- WORK TO COMPLETE
Begin your copy at the line holding "BJS Law Firm" and end it at the last line of the listing. Keep every line exact and leave out the pictures.

[SOURCE DATA Boundary: Start]

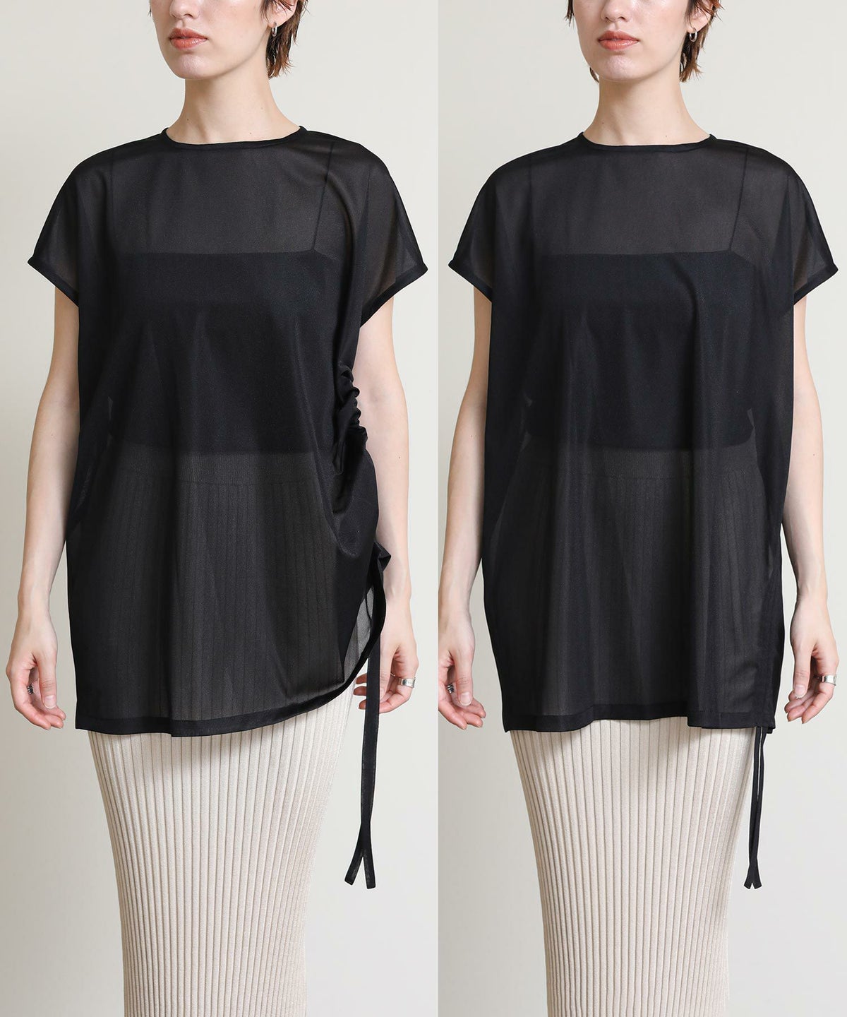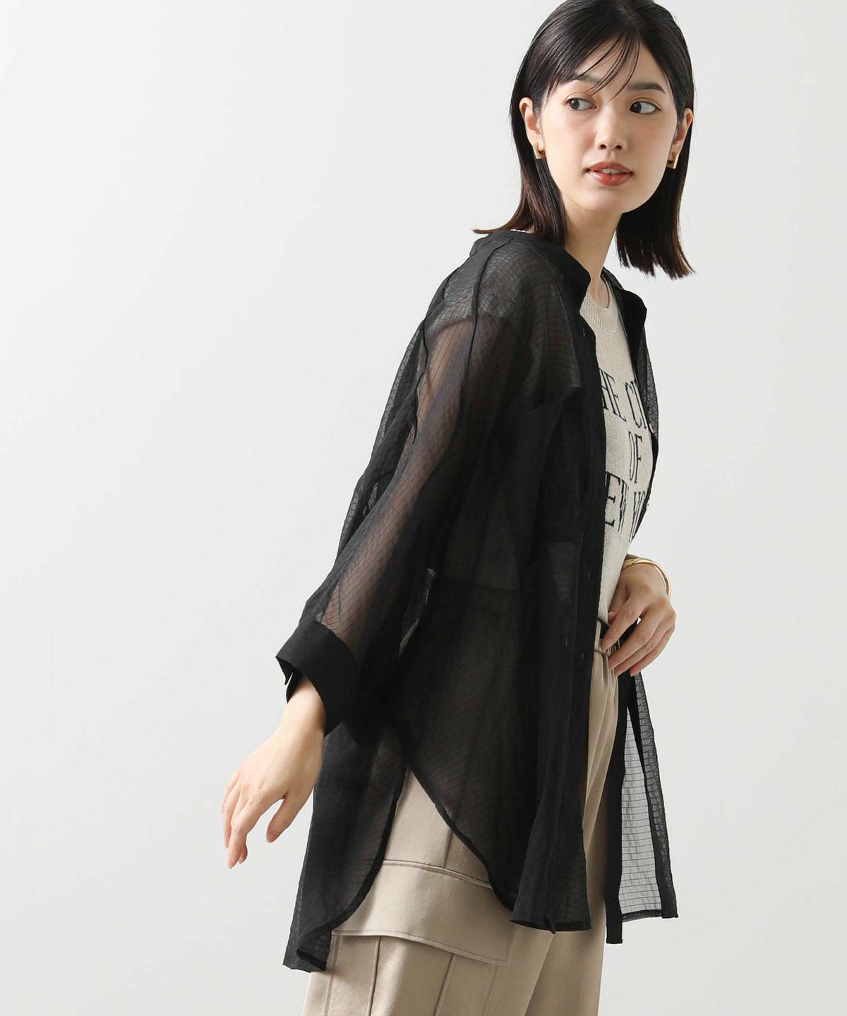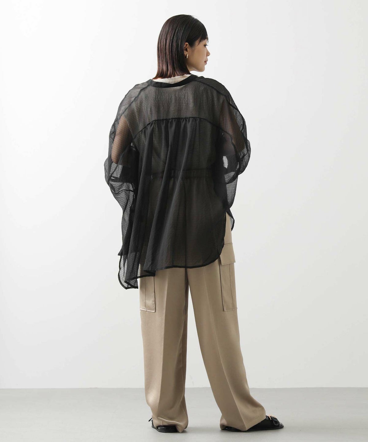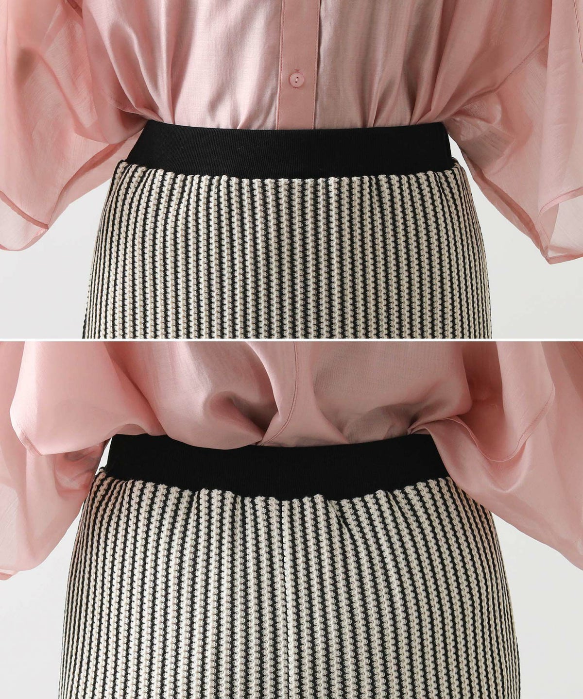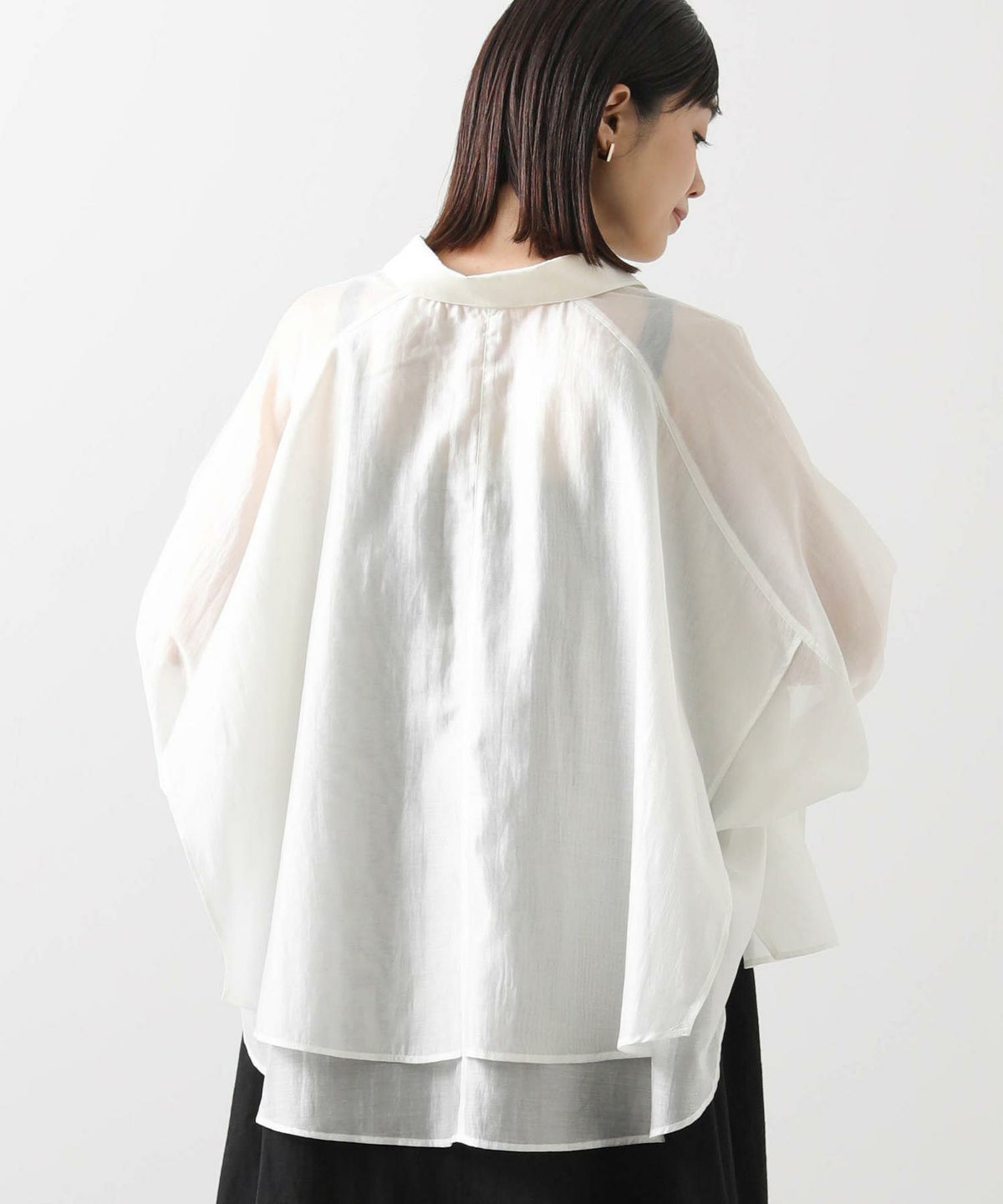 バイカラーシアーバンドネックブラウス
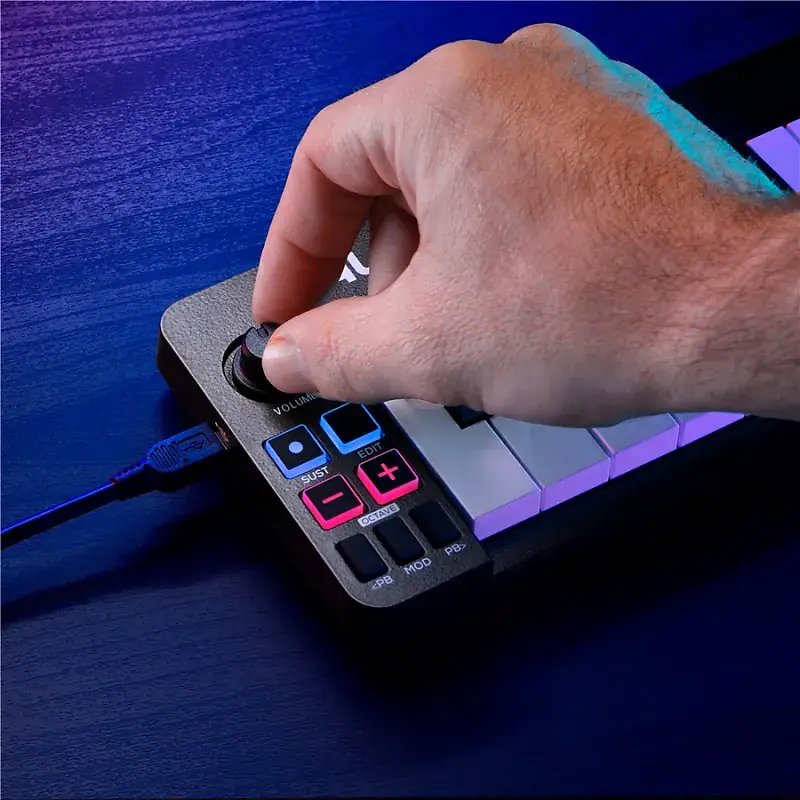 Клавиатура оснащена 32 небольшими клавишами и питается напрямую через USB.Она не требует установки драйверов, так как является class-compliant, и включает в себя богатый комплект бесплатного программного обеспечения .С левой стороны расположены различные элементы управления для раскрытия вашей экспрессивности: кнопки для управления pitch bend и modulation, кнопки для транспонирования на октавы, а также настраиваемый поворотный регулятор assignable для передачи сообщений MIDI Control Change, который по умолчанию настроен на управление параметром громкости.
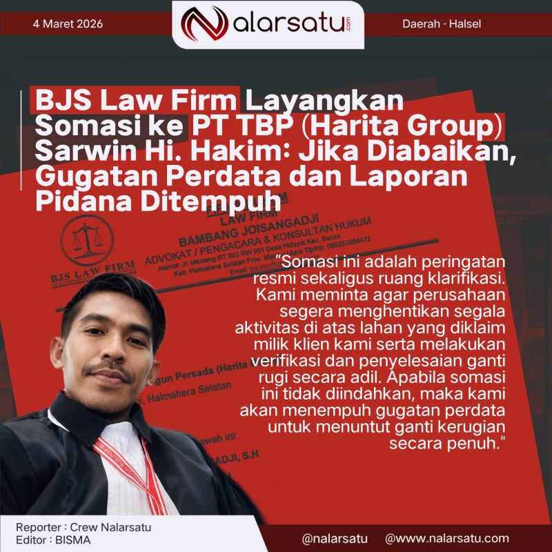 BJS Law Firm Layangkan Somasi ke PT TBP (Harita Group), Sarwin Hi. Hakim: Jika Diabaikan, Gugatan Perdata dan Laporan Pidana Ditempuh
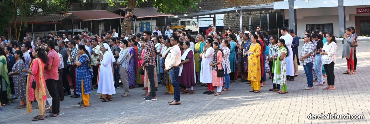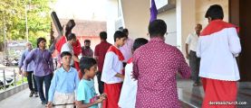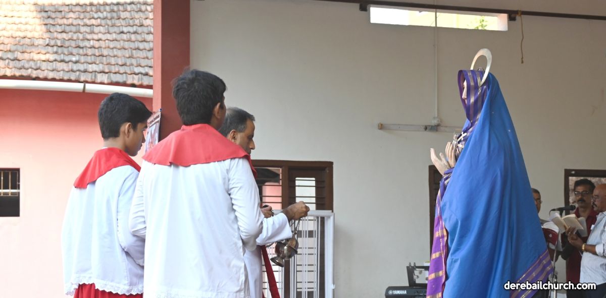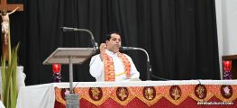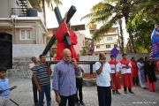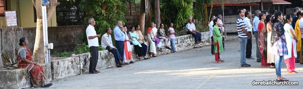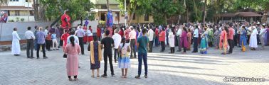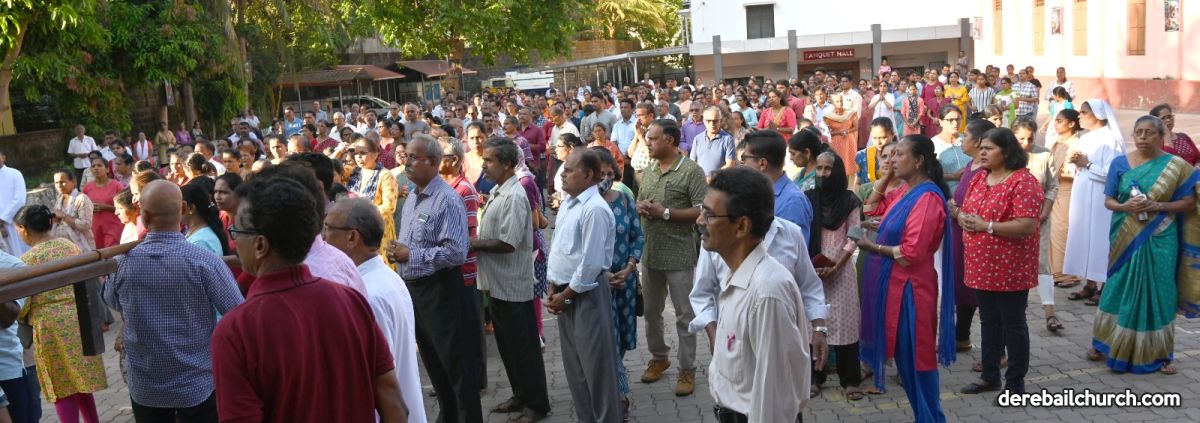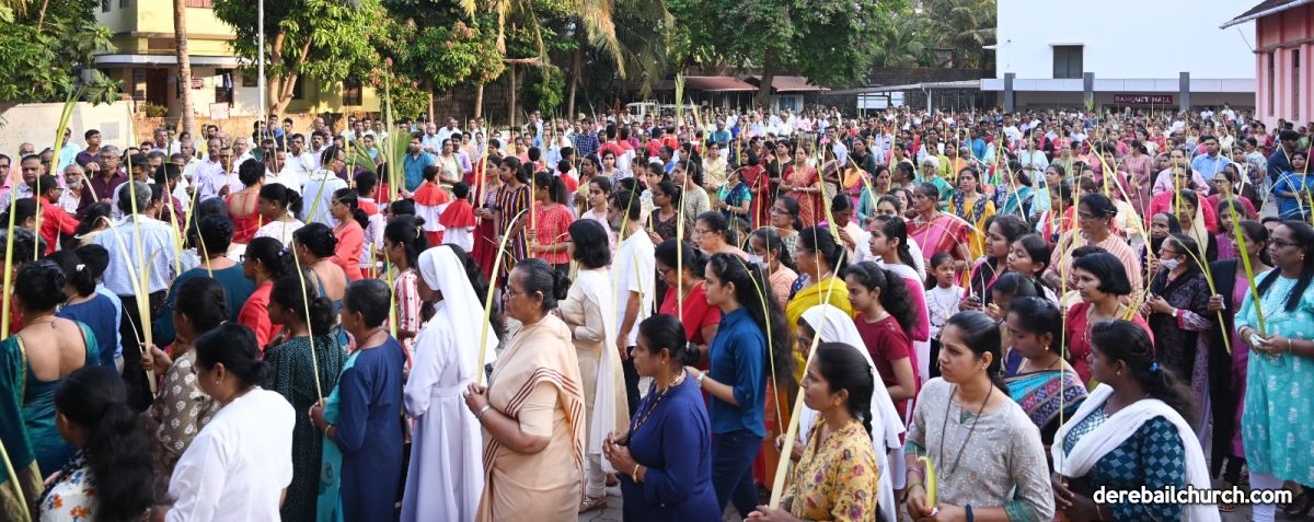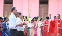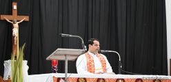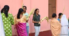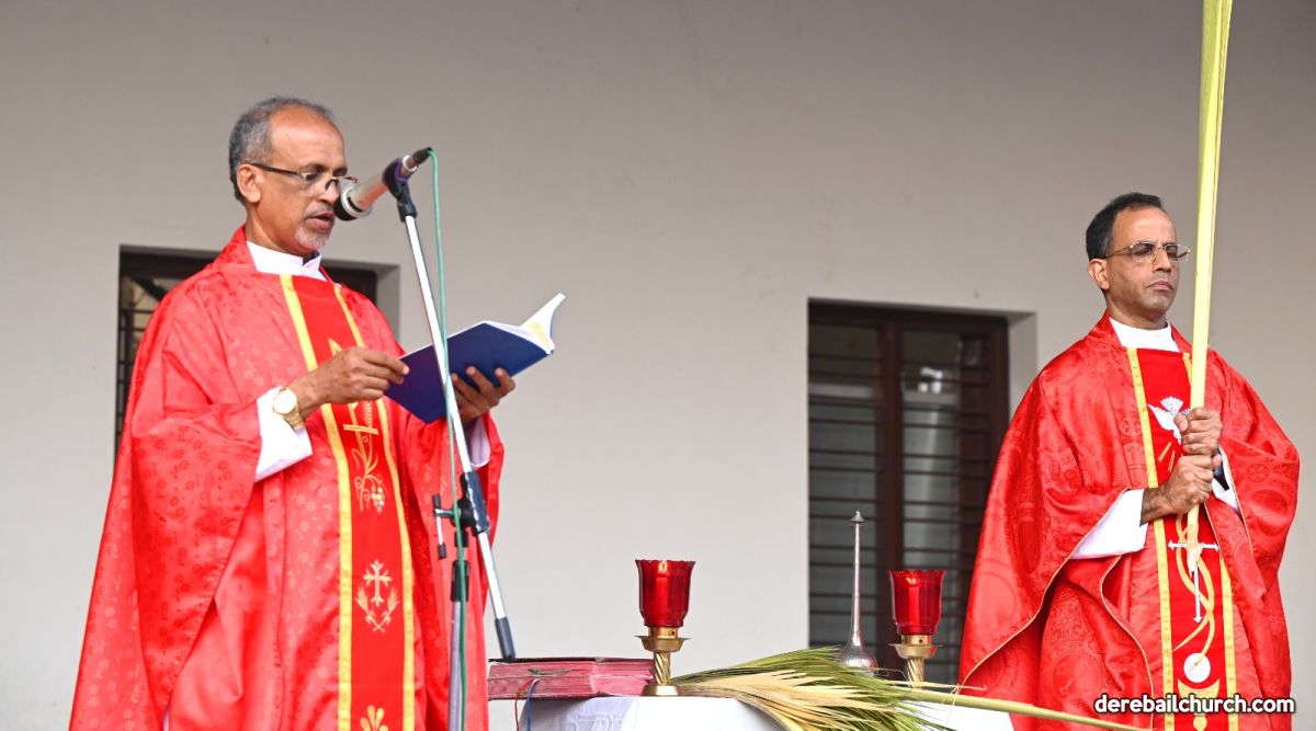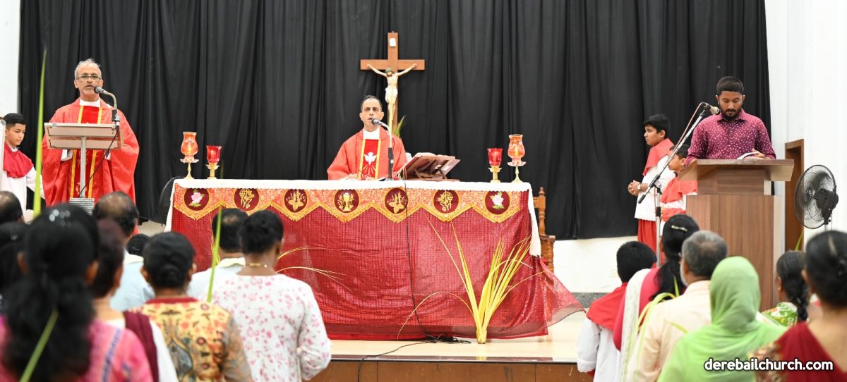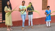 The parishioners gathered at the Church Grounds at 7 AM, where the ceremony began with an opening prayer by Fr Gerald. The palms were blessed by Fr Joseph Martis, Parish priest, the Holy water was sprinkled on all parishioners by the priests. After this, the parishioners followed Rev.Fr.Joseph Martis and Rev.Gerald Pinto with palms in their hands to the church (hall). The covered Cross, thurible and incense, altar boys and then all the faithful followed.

[SOURCE DATA Boundary: End]

- ANSWER SECTION
 BJS Law Firm Layangkan Somasi ke PT TBP (Harita Group), Sarwin Hi. Hakim: Jika Diabaikan, Gugatan Perdata dan Laporan Pidana Ditempuh
 The parishioners gathered at the Church Grounds at 7 AM, where the ceremony began with an opening prayer by Fr Gerald. The palms were blessed by Fr Joseph Martis, Parish priest, the Holy water was sprinkled on all parishioners by the priests. After this, the parishioners followed Rev.Fr.Joseph Martis and Rev.Gerald Pinto with palms in their hands to the church (hall). The covered Cross, thurible and incense, altar boys and then all the faithful followed.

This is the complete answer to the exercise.